Take suburban Lower Merion’s two public high schools, which per the district’s website offer “state-of-the-art science laboratories, an 850-seat auditorium … a greenhouse for environmental and horticultural studies, high-performance athletic facilities, television studios, multimedia production facilities, a musical instrument digital interface (MIDI) lab … college-style library and fully integrated technology.” In Philly, students from different grades sometimes share the same classroom. The premier arts school canceled its musical for lack of funds.

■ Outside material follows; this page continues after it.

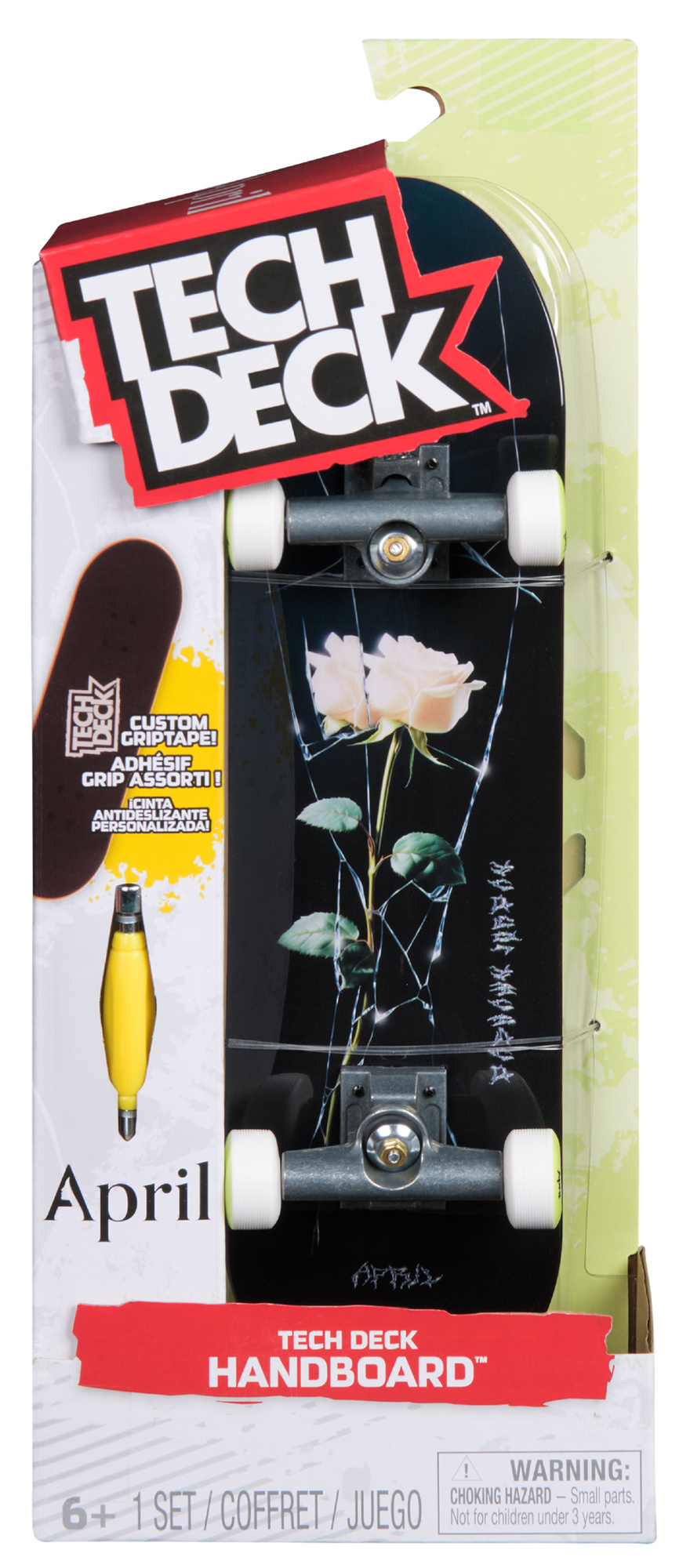 - Duża deskorolka handboard maxi April od Tech Deck. W opakowaniu znajduje się złożona deskorolka Tech Deck z ilustracją i 1 narzędzie do montażu.

And funds for Advanced Placement and International Baccalaureate classes were cut.
What of the state constitution’s requirement of a “thorough and efficient system of public education?” Lower Merion’s average class size is 21. Philly’s “target” class size is 30 to 33. Lower Merion’s student body is 8 percent black, while Philly’s is just 14 percent white. Many Philly high schools are more than 90 percent black — 99 percent at Strawberry Mansion. In 1964, the Supreme Court ruled that “segregation of white and Negro children in the public schools of a State solely on the basis of race, pursuant to state laws permitting or requiring such segregation” is unconstitutional. No matter.
The SRC, of course, has power. Indeed, it should continue to check the growth of charter schools, which has rendered the District’s structural deficit terminal. Only SRC member Joseph Dworetzky, a Rendell appointee whose tenure is up in January 2014, has consistently spoken out on this issue.
The SRC makes the ghetto’s rules. But it is state government that guards its walls.